* **TASK DIRECTIONS**:
With the pictures left out, copy the records below exactly from the first line down to the line holding "Taaskasutatud plastist pastapliiats", and include that line.
--
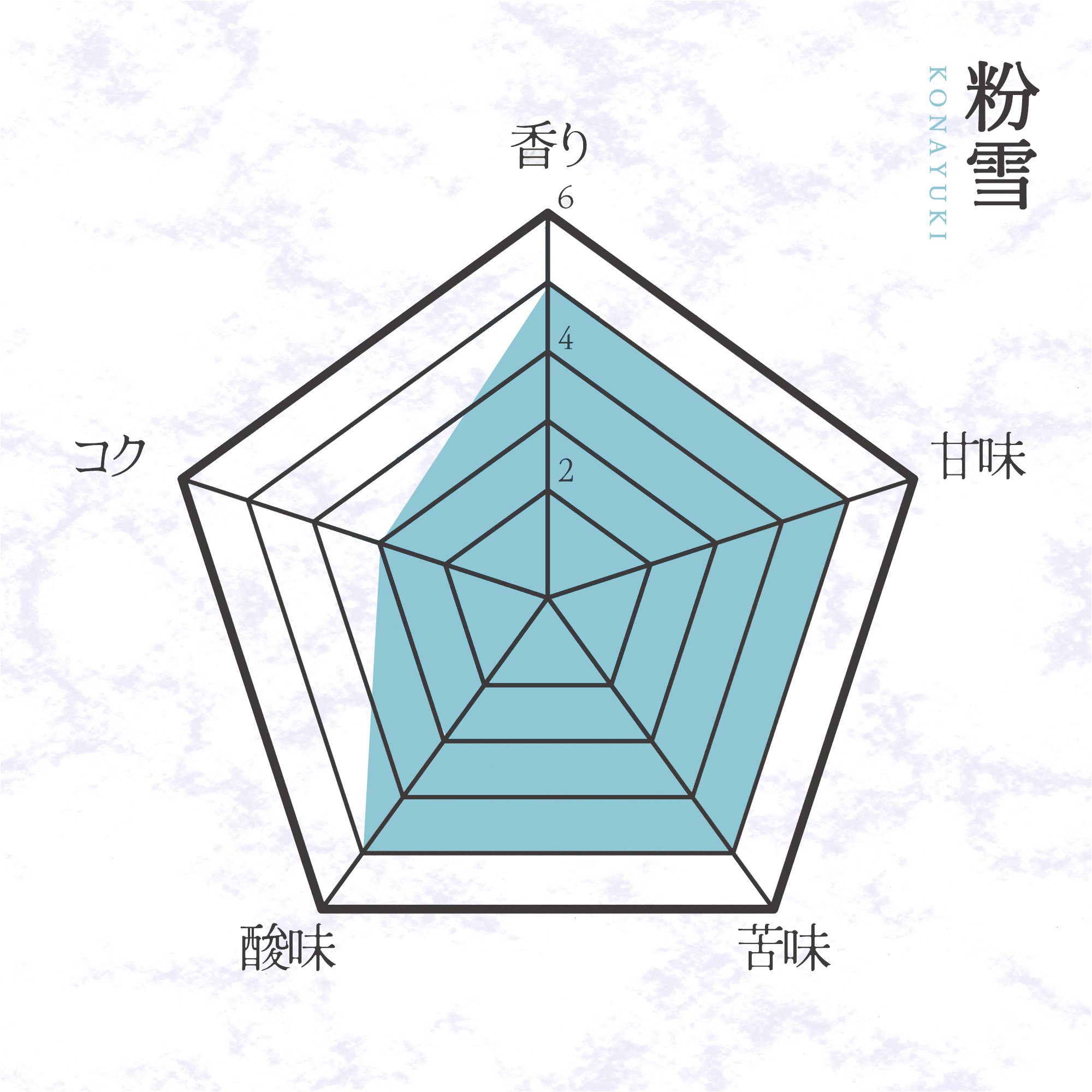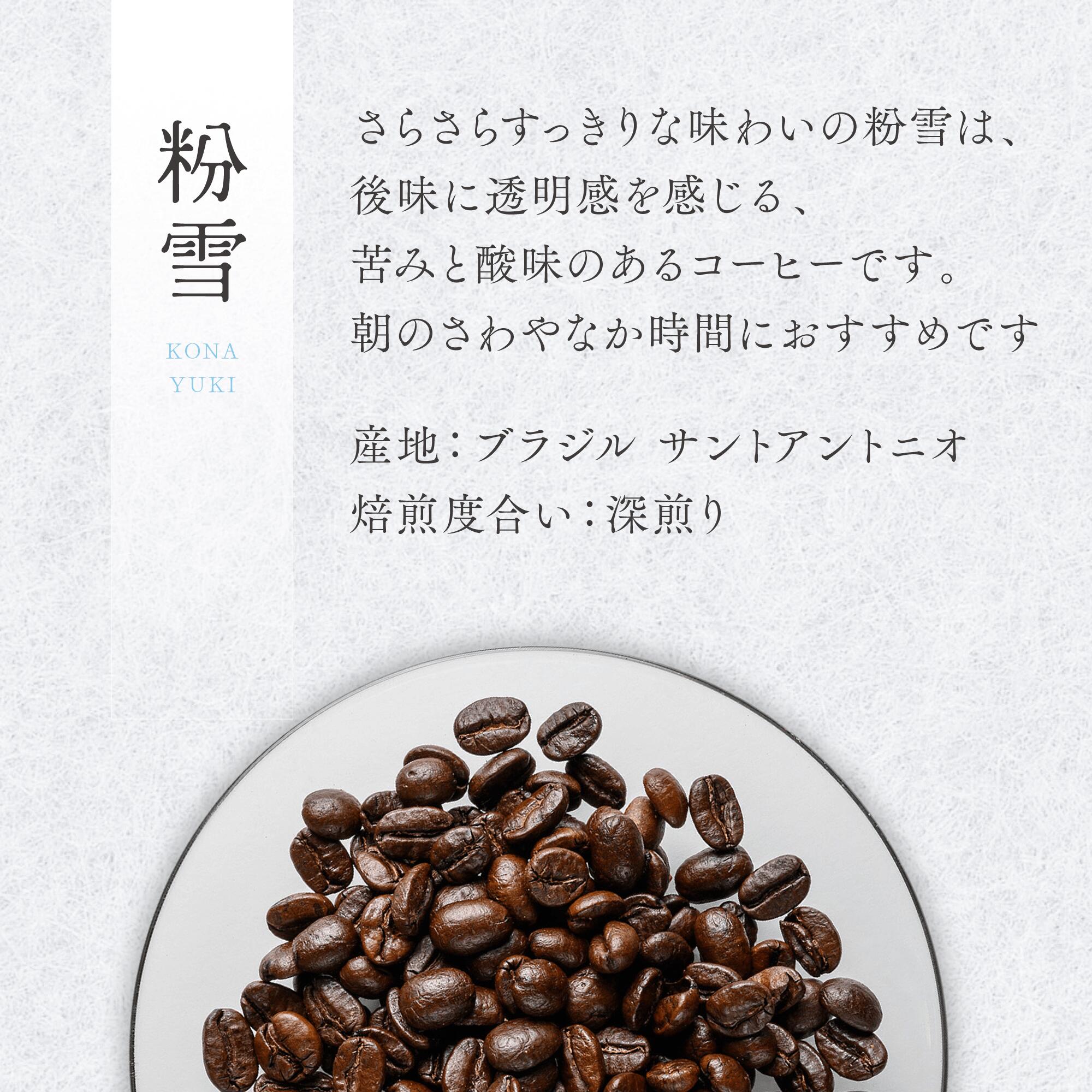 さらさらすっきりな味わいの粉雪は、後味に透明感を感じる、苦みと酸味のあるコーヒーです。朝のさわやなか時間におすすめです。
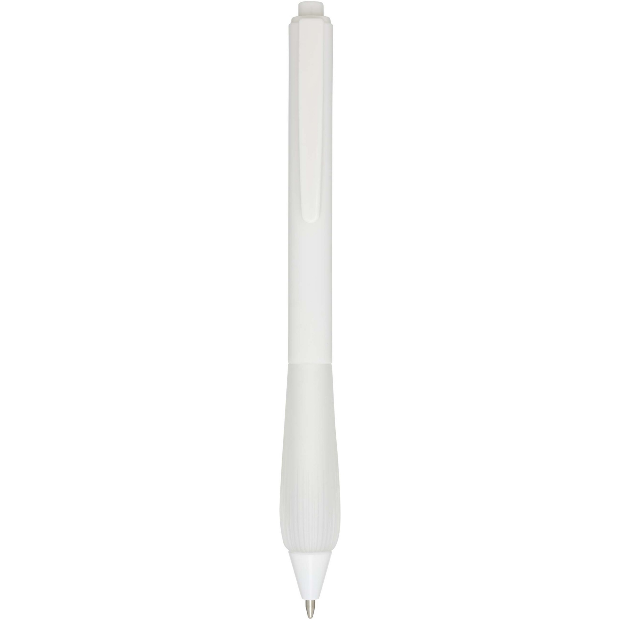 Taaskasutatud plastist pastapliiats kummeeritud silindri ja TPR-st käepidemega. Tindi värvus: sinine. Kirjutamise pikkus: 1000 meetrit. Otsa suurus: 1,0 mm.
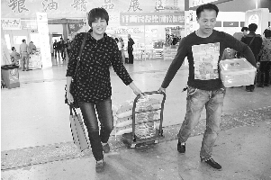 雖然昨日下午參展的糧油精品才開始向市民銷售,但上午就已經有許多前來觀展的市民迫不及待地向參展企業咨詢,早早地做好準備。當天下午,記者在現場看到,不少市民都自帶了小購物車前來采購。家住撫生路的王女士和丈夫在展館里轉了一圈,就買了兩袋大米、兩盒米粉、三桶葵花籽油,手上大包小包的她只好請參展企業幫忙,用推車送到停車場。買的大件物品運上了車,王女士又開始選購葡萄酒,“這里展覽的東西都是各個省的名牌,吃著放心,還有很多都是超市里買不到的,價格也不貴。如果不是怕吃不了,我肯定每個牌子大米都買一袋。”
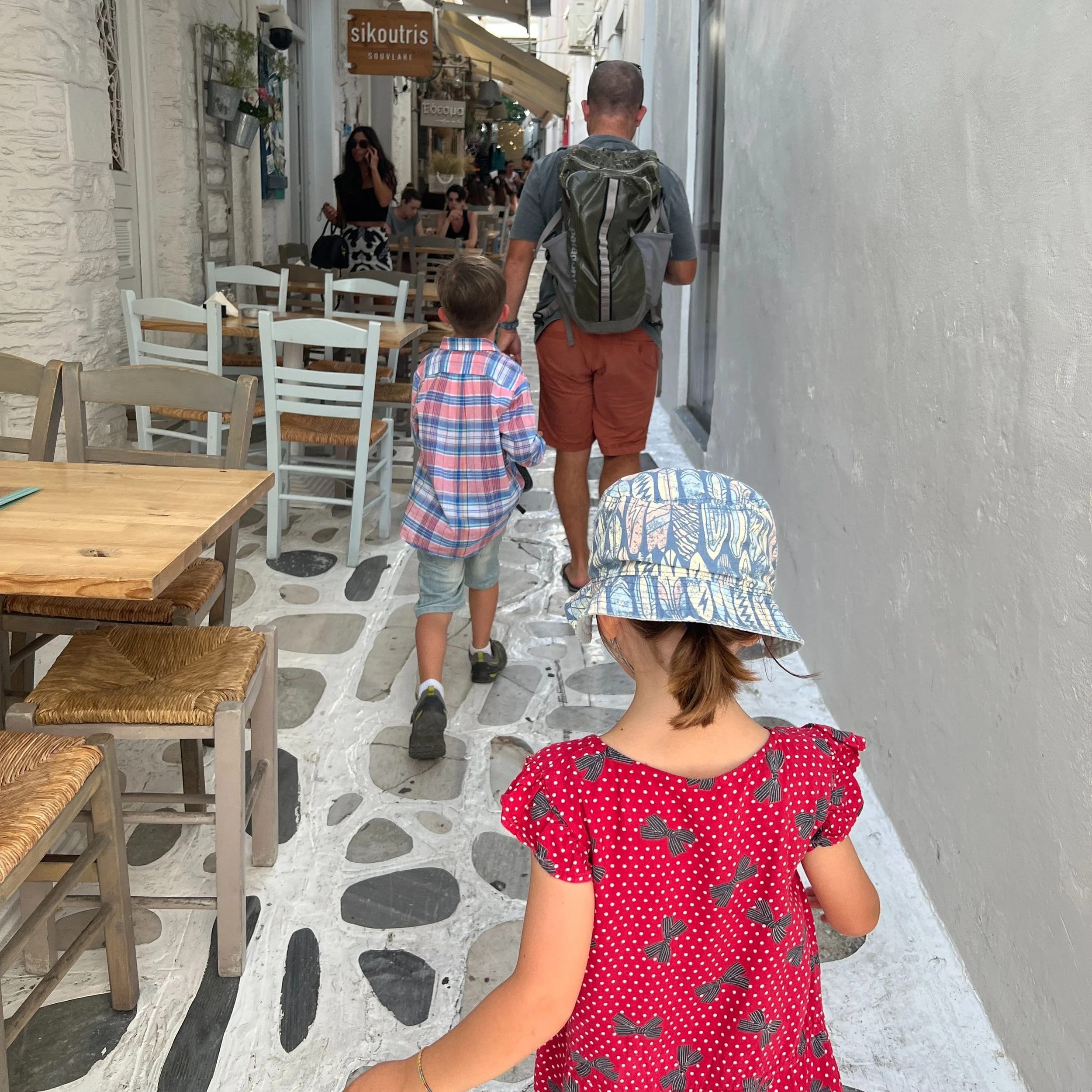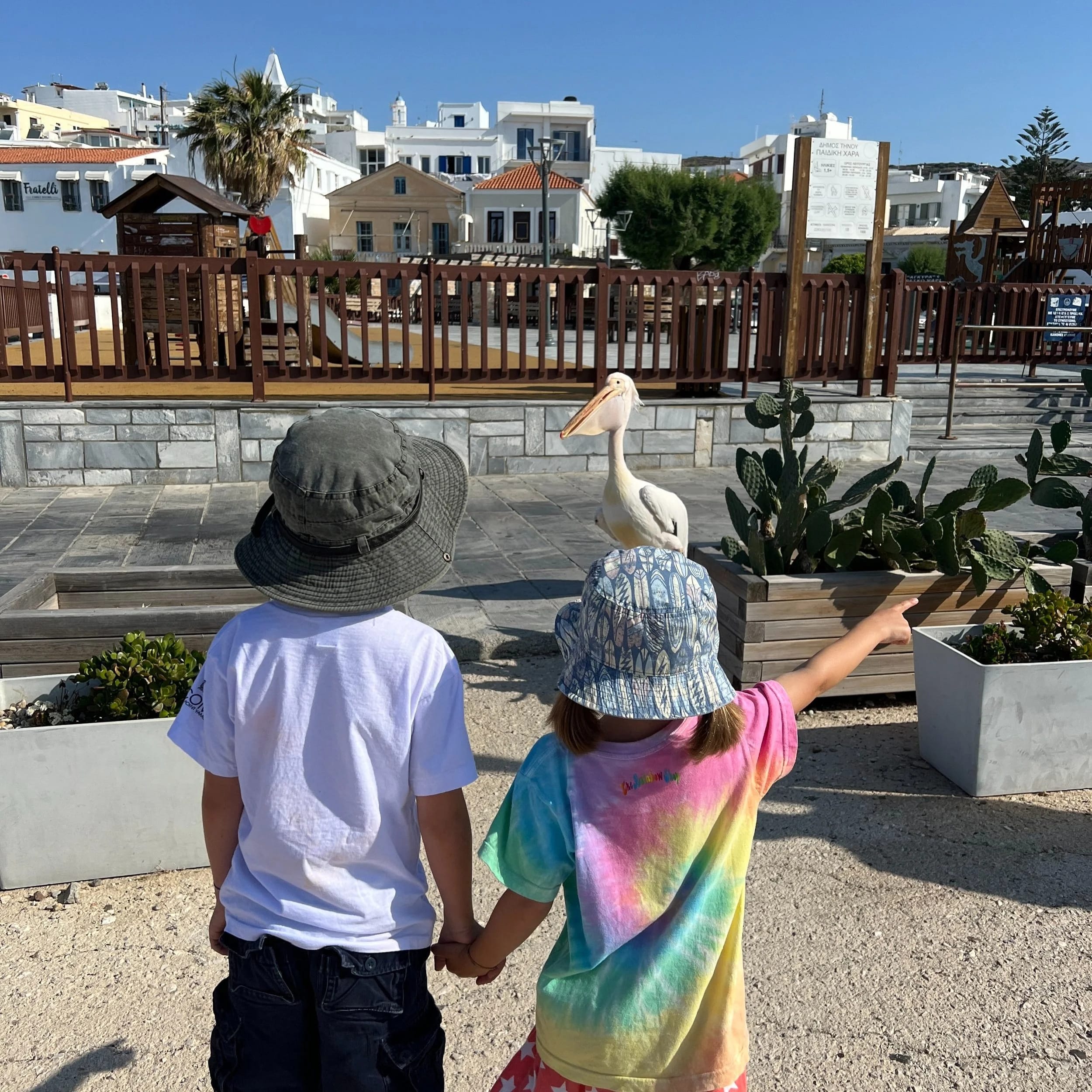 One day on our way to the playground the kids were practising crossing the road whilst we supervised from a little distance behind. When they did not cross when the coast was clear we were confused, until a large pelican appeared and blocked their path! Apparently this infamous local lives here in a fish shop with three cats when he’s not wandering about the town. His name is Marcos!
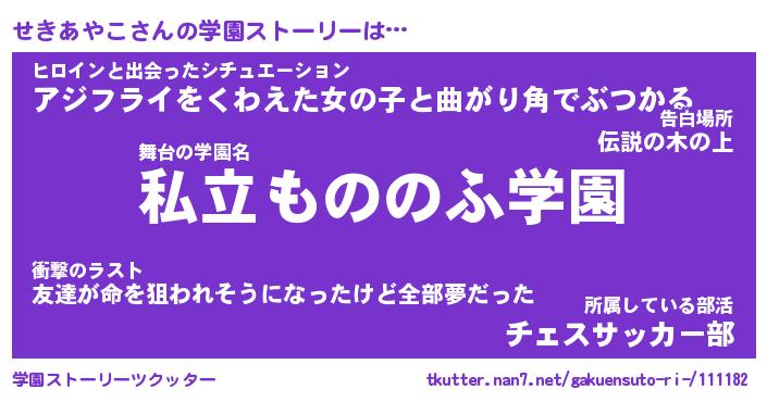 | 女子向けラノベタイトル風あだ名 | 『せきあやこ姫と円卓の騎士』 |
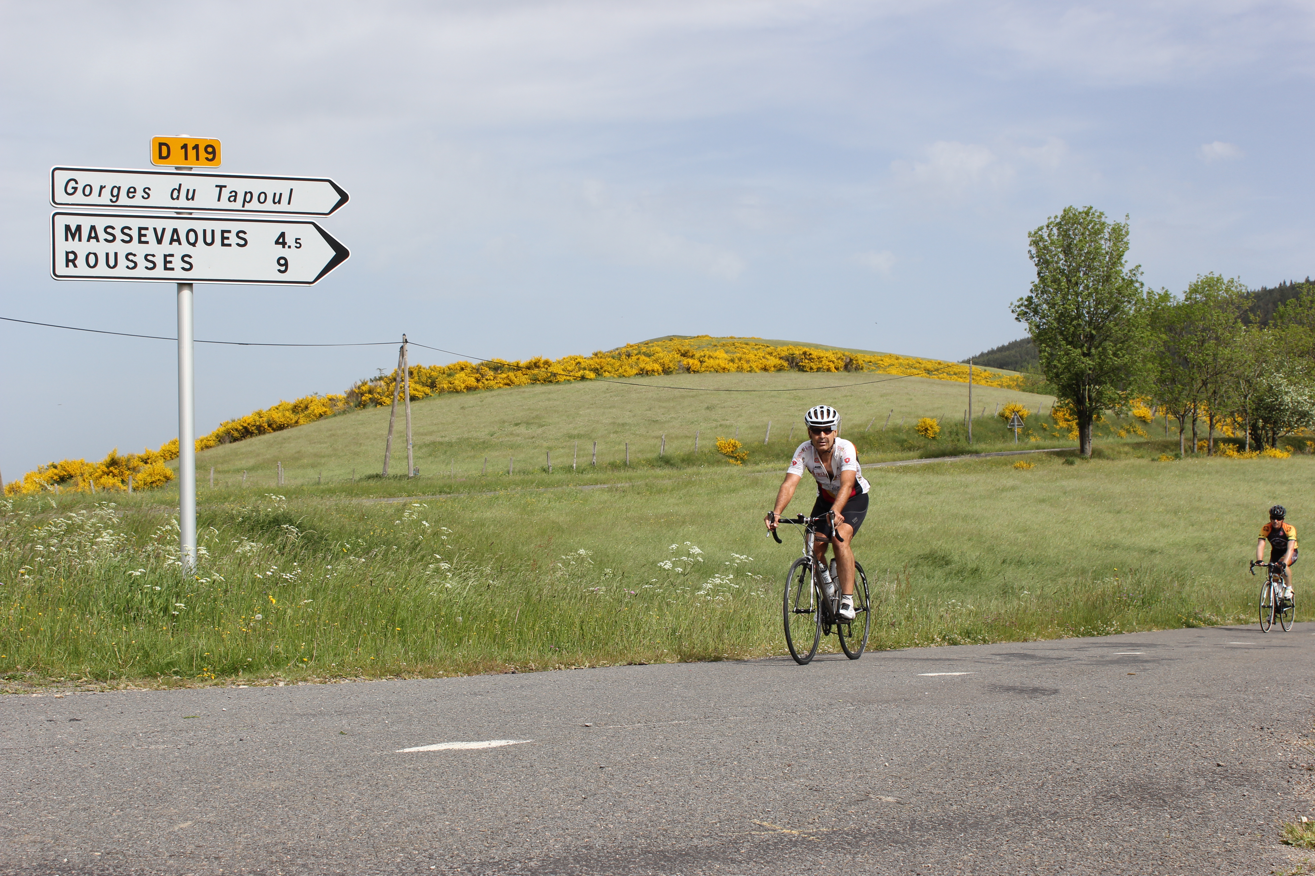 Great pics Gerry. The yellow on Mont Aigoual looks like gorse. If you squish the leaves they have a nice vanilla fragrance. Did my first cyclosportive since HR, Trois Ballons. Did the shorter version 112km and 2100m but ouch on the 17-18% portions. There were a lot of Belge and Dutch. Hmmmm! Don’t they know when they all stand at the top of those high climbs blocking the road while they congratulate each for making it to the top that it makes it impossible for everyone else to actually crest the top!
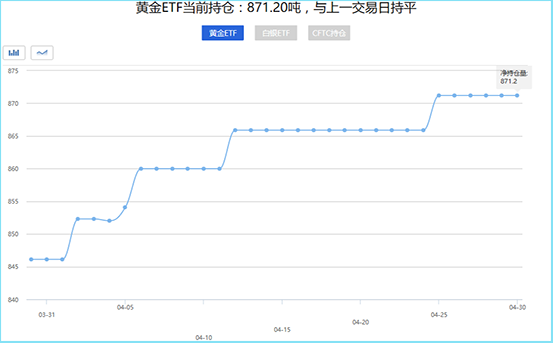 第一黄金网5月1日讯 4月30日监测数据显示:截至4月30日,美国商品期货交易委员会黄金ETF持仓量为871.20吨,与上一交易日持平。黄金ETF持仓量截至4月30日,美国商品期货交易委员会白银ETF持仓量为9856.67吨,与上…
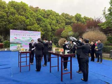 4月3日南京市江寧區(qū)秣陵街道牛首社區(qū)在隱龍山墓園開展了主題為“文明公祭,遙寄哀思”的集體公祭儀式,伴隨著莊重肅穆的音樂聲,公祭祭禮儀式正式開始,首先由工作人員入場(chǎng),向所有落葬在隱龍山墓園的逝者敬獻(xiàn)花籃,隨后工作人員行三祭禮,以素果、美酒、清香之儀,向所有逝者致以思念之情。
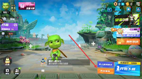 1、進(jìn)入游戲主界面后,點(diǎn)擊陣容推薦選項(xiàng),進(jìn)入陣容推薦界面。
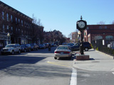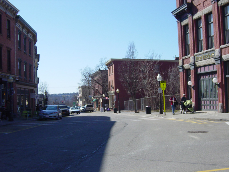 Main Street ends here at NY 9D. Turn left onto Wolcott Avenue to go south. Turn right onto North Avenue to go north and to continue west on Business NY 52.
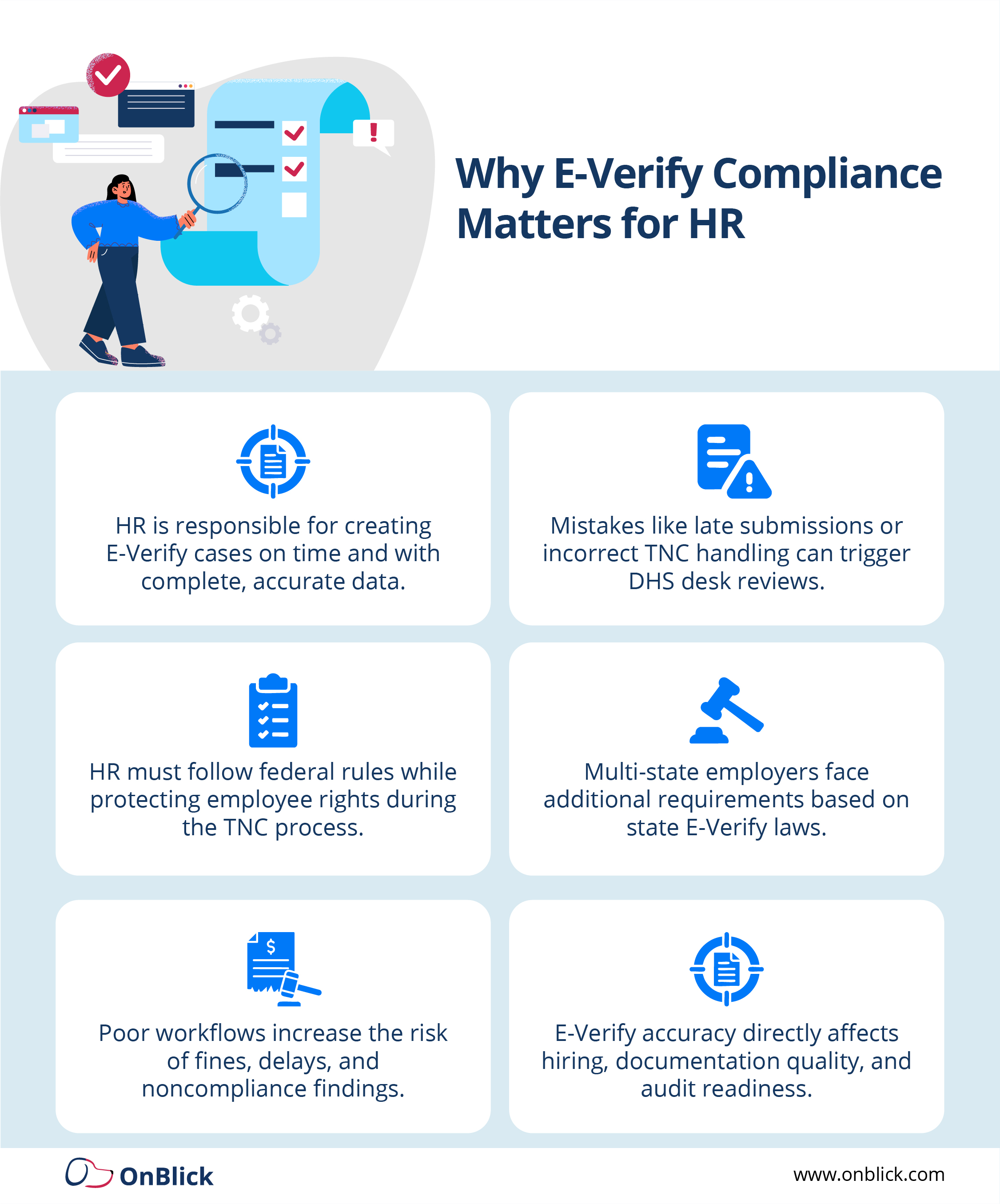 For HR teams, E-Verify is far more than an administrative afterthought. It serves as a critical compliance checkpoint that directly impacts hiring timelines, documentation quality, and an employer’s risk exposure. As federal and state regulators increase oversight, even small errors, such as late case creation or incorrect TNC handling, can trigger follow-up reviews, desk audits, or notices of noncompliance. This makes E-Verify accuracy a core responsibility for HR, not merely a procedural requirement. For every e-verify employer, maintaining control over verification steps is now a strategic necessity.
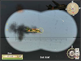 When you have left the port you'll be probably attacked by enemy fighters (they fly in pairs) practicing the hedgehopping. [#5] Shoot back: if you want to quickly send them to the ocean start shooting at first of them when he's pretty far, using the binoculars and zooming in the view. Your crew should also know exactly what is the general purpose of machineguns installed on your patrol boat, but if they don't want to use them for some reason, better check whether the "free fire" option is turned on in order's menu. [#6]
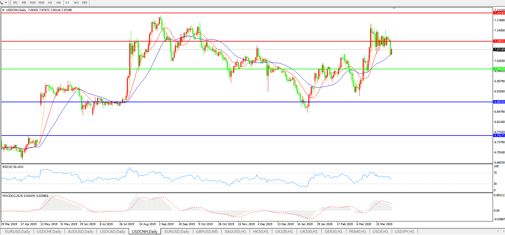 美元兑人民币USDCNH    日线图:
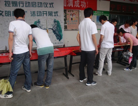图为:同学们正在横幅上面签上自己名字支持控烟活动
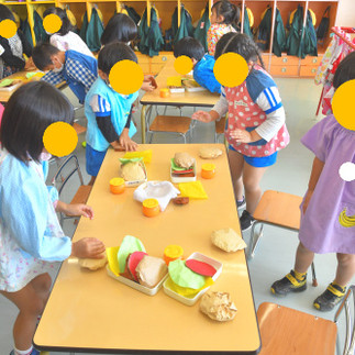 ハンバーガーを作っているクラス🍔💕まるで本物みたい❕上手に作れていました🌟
--
* **EXERCISE RESULT**:
 さらさらすっきりな味わいの粉雪は、後味に透明感を感じる、苦みと酸味のあるコーヒーです。朝のさわやなか時間におすすめです。
 Taaskasutatud plastist pastapliiats kummeeritud silindri ja TPR-st käepidemega. Tindi värvus: sinine. Kirjutamise pikkus: 1000 meetrit. Otsa suurus: 1,0 mm.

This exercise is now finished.